LUTS has recently been found to be a major risk factor for SD in aging. Epidemiologic and trial data have shown a clear relationship between them and both could be amenable to a common combination therapy.

Cumulative effect of chronic illness, side effects of various medications, and surgery is an important contributory factor for sexual decline in old age. Controlling such illnesses with rationalization of medications and rehabilitation after surgery can significantly improve the sexual function in them.
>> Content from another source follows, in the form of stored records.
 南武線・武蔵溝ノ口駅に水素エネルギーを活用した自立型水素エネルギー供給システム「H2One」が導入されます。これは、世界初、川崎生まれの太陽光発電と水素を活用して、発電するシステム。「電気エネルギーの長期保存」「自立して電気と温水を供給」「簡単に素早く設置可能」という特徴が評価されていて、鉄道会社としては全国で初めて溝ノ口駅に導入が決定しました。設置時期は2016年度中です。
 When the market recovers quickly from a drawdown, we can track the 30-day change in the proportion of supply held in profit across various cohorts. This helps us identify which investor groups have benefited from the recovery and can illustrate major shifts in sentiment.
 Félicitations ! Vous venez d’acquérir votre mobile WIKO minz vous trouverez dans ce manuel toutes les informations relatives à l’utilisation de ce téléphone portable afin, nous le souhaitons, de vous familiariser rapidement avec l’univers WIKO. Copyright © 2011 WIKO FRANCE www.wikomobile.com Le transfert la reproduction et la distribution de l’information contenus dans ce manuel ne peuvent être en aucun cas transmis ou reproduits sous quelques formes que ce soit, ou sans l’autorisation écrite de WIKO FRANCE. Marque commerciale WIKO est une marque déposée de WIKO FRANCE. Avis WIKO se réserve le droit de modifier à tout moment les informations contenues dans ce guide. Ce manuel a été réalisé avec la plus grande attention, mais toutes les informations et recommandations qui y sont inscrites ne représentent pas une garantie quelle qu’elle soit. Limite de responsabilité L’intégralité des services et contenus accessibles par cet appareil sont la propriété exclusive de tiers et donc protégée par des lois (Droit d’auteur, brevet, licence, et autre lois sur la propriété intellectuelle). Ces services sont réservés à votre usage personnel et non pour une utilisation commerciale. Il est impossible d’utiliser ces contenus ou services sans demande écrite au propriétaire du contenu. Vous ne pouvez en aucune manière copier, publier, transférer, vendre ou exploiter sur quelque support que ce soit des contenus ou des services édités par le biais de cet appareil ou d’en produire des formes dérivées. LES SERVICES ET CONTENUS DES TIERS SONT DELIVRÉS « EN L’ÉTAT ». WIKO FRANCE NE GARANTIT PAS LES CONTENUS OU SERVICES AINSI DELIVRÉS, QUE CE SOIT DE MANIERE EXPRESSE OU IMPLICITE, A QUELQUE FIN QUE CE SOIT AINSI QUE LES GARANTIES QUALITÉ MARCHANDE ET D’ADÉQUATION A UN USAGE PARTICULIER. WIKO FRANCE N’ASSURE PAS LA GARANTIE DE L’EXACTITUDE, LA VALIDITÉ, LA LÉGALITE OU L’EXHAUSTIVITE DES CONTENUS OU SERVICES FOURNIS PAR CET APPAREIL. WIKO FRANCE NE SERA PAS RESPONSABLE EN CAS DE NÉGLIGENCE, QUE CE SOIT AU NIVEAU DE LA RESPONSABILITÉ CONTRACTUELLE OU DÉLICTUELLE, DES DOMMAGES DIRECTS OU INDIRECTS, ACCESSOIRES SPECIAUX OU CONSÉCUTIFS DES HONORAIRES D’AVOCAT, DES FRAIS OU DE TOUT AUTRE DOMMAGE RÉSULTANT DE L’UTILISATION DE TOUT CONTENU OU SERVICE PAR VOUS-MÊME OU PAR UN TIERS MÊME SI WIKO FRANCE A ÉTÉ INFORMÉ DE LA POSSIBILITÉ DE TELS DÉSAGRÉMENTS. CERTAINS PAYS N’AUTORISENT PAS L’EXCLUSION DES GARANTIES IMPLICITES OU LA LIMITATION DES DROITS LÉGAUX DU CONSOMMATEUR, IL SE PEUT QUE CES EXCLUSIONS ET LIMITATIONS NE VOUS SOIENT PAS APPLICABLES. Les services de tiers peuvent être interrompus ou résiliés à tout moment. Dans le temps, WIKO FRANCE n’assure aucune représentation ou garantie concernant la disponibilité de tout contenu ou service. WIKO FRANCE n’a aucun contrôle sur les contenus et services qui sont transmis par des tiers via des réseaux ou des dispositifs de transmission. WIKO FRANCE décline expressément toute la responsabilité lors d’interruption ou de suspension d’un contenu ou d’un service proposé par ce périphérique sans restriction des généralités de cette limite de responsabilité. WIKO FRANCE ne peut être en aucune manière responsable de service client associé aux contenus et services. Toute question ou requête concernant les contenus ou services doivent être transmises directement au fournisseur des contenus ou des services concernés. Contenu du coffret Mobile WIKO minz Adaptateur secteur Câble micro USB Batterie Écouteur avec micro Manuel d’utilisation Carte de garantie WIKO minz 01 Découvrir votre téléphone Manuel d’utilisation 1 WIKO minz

Cardiovascular disease and ED share common risk factors with endothelial dysfunction as the basic pathophysiology. Smaller penile arteries suffer obstruction from plaque earlier than larger coronary arteries. Thus, ED may be a marker for latent coronary artery disease. Treating these diseases and modifying the risk factors may help prevent SD in the elderly. It is also important to assess the adverse events of drugs and sexual activity in patients with coronary artery disease. Exercise stress testing is recommended for risk stratification to establish that patients with significant cardiac risk factors and known cardiac diseases can safely tolerate the physical work of sex before starting treatment of ED. Men with low cardiac risk can safely tolerate ED treatment and sexual activity, whereas those with high cardiac risk should get stable before resuming sexual activity and any treatment for it. In general, PDE-5 inhibitors and other treatment options are well tolerated in these patients. However, nitrates and NO donors are contraindicated for producing a potentially life-threatening hypotension.

Declaration of Conflicting Interests

The author declared no potential conflicts of interest with respect to the research, authorship, and/or publication of this article.

Funding

The author received no financial support for the research, authorship, and/or publication of this article.